Luís Vouzela

Personal information
- Full name: Luís Miguel Silva Tavares
- Date of birth: 10 March 1974 (age 52)
- Place of birth: Vouzela, Portugal
- Height: 1.68 m (5 ft 6 in)
- Position: Midfielder

Youth career
- 1989–1991: Vouzelenses
- 1991–1992: Académico Viseu

Senior career*
- Years: Team / Apps / (Gls)
- 1992–1996: Académico Viseu / 82 / (5)
- 1996–2002: União Leiria / 158 / (4)
- 2002–2004: Santa Clara / 44 / (0)
- 2004–2005: Moreirense / 38 / (0)
- 2005–2006: Beira-Mar / 20 / (1)
- 2006–2007: Olympiakos Nicosia / 10 / (0)
- 2007–2008: Chaves / 25 / (1)
- 2008–2009: Nelas / 19 / (0)
- 2009–2010: Penalva do Castelo / 30 / (1)
- 2010–2012: Académico Viseu / 41 / (0)
- 2012–2013: Nogueirense / 23 / (2)
- 2013–2014: Oliveira Frades / 20 / (0)
- Total:  / 510 / (14)

International career
- 2000: Portugal B / 1 / (0)

= Luís Vouzela =

Portuguese footballer

Luís Miguel Silva Tavares (born 10 March 1974), commonly known as Luís Vouzela, is a Portuguese retired footballer who played as a defensive midfielder.

He amassed Primeira Liga totals of 215 games and four goals over the course of eight seasons, mainly with União de Leiria (five years).

==Club career==
Born in Vouzela, Viseu District, Vouzela started his senior career with local Académico de Viseu FC, going on to remain four seasons with the club, two apiece in the second and third divisions. He made his debut in the Primeira Liga in the 1996–97 season with U.D. Leiria, playing 28 games and scoring one goal but suffering team relegation as second from bottom.
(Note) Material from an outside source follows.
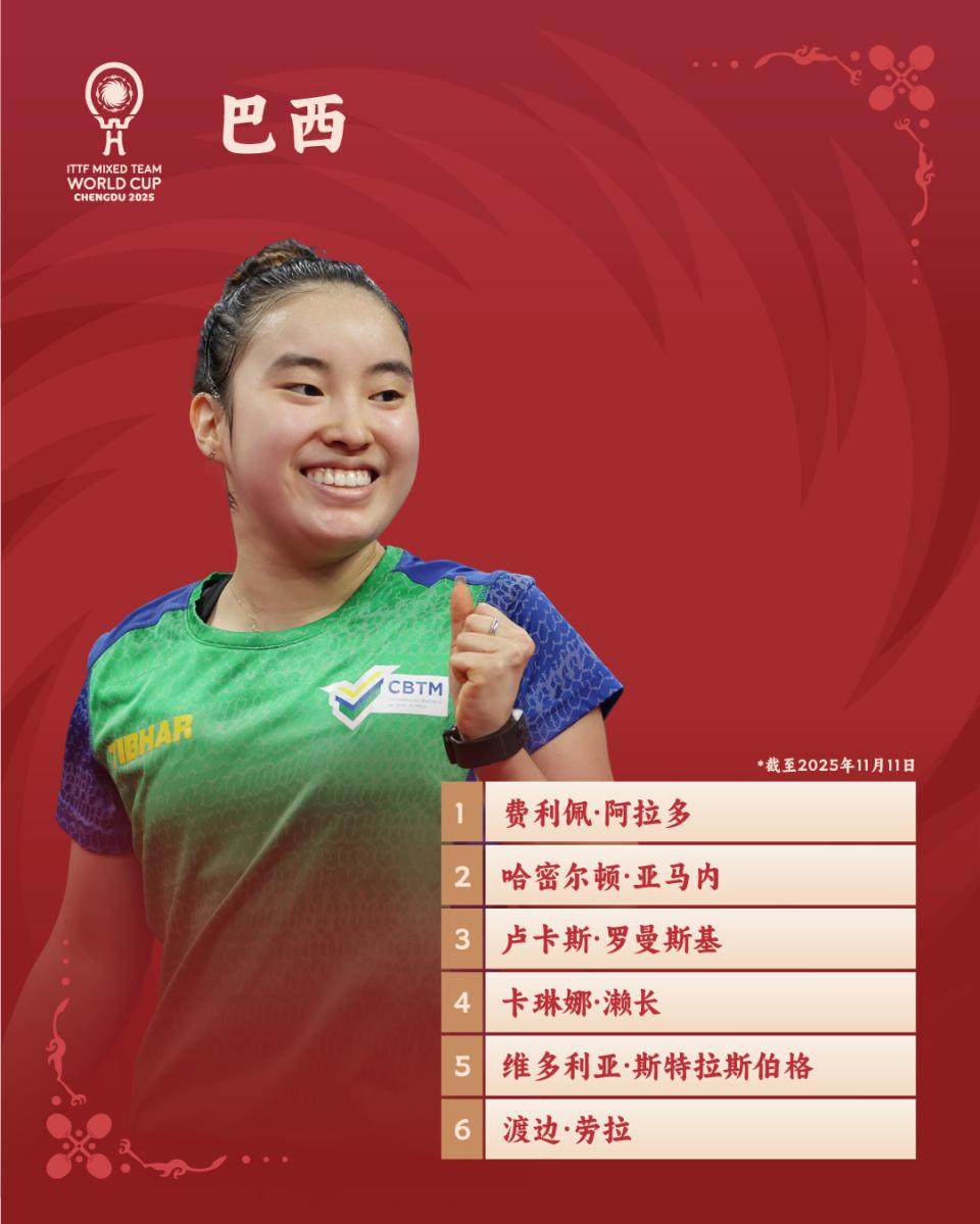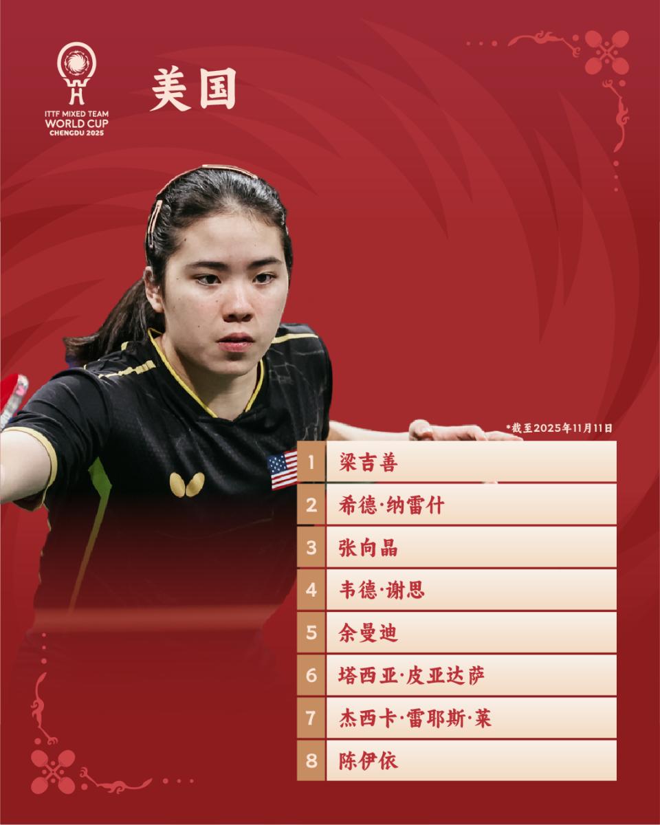 北京时间11月12日,国际乒联在官方平台公布即将于11月30日-12月7日在成都举行的第三届混团世界杯各队参赛名单。中国队由王楚钦、孙颖莎领衔,国乒全主力出战。今年4月国际奥委会执委会决定,在2028年洛杉矶奥运会新增乒乓球混合团体项目,这次混团世界杯共有16支队伍参赛,但瑞典名将莫雷加德、美国一姐张安巴西的卡尔德拉诺等名将不会来成都参赛。

From 1998 to 2005 Vouzela competed almost exclusively in his country's top flight, representing Leiria, C.D. Santa Clara and Moreirense FC. He split the 2003–04 campaign with the last two teams, starting it with the former in division two; in 2005–06 he helped S.C. Beira-Mar promote to the top tier of Portuguese football, as champions.

After one year in the Cypriot First Division, with Olympiakos Nicosia, Vouzela returned to his country, going on to play exclusively in lower league and amateur football. He returned to Académico Viseu in the 2010 summer, suffering a serious leg injury the following year. He retired in 2014 at the age of 40, after one season in the Viseu regional championships with Grupo Desportivo Oliveira de Frades, and returned once again to Académico, where he was given a position in the backroom staff.